_SUPPLIED MATERIAL:_
========================

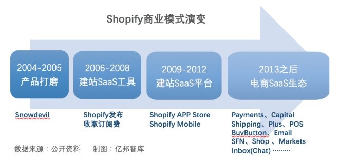 Payments的上線,標(biāo)志著Shopify開始圍繞電商構(gòu)建生態(tài)。這一時期,圍繞電商交易過程中的支付、物流、營銷、資金等需求,Shopify推出了十多個服務(wù)產(chǎn)品。
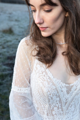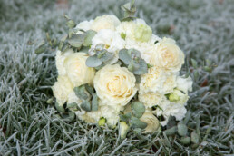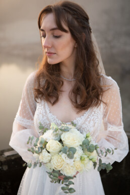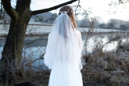 Paired with Alina’s striking, ethereal features, we all agreed it was ‘The One’. Flowers by Caroline was very kind to make us a beautiful white bouquet, using Carnations, Roses and silver, green Eucalyptus that perfectly mirrored the thick frost on the grass.
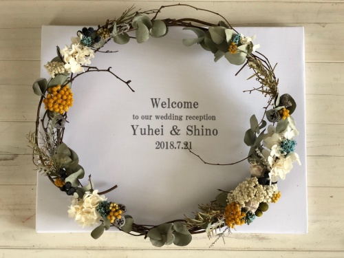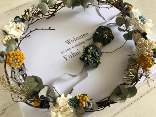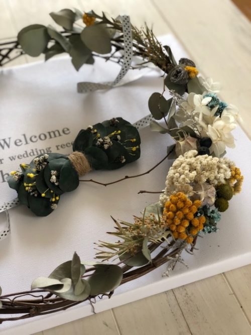 こちらは、ウエルカムリースとバタフライタイです。

========================

_WORK INSTRUCTIONS:_ Beginning with the line that holds "Paired with Alina’s", write out exactly the lines down to the end of the material above, and no others. Pictures are not part of the copy.

_OUTPUT OF THE EXERCISE:_
 Paired with Alina’s striking, ethereal features, we all agreed it was ‘The One’. Flowers by Caroline was very kind to make us a beautiful white bouquet, using Carnations, Roses and silver, green Eucalyptus that perfectly mirrored the thick frost on the grass.
 こちらは、ウエルカムリースとバタフライタイです。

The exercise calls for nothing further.